Estos minutos empezaron
con Camilo mirándome desde la alfombra con esa cara tan pero
tan expresiva, empezaron conmigo en la habitación observando su
felicidad a la distancia, o algo similar, porque aunque quiero creer
que no sólo es feliz cuando llega Sofía, también quiero creer que
su felicidad no es tan evidente como creemos. Por eso, algo similar,
algo mejor. Yo reflexivo en su cola, en la envidia por carecer
nosotros de una cola.
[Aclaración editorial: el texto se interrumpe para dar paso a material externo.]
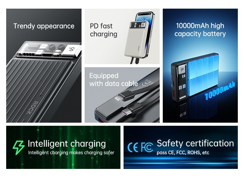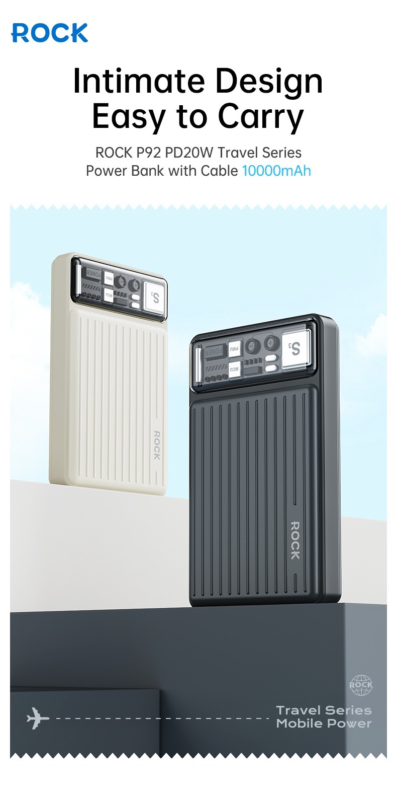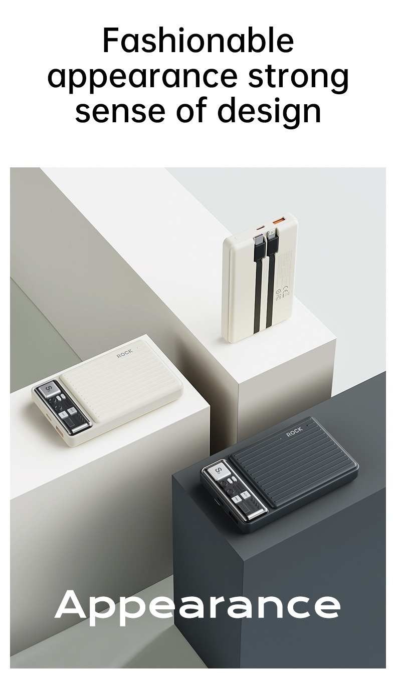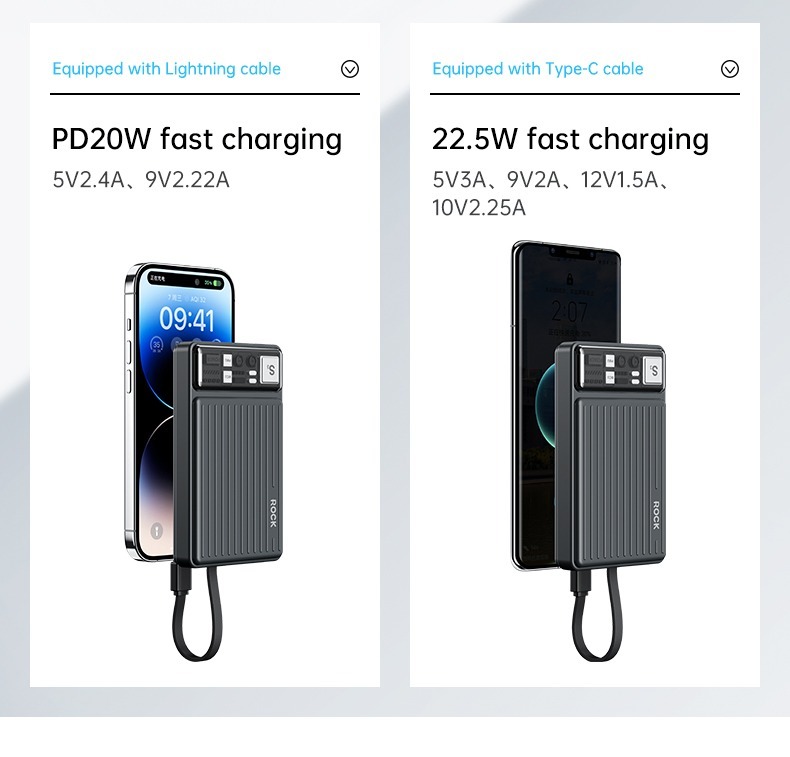 The Rock-P92 10000mAh Ultrabook with Cord PD20W is a stylish, self-contained data cable mobile power supply with an extra large 10000mAh battery. Simple design, easy to store, high elasticity cable body is flexible and tensile. It supports type-c, 22.5W fast charging, lightning, PD20W fast charging.

Porque cuando me acerco a Sofía ella todavía
me sonríe desde ese sofá viejo y agotado, pero no sé si sonríe de
placer o si disfraza un tedio, porque creo que desaprendí a leerla
con lucidez. Entonces estos minutos siguen conmigo yendo hacia dicha
alfombra, casi propiedad privada de Camilo, donde él ha caído de
golpe en una de sus tantas siestas a cualquier hora, entonces a
medida que me acerco va comenzando su cola a dar topetazos contra el
entramado de tela, apenas abriendo los ojos, aumentando la velocidad
de esa cola como lo hacían mis pulsaciones en aquellos días en que
me acercaba a Sofía cuando ella volvía un poco más tarde que yo
del trabajo, cuando me acercaba porque salía de la cama únicamente
para saludarla. Otra vez con Camilo, me agacho para que él alce su
cabeza, siempre moviendo la cola, y después de olerme brevemente la
cara me lama una de las mejillas, la izquierda. Luego, por el
evidente sueño que todavía le propicia el sol de la tarde, Camilo
baja la cabeza sin cerrar los ojos, al mismo tiempo desacelera la
cola casi hasta dejarla inmóvil. Yo le doy un último cariño en el
lomo y lo dejo tranquilo, agradecido por este gesto sincero,
llevándome esa sinceridad conmigo como el parche para algún reloj.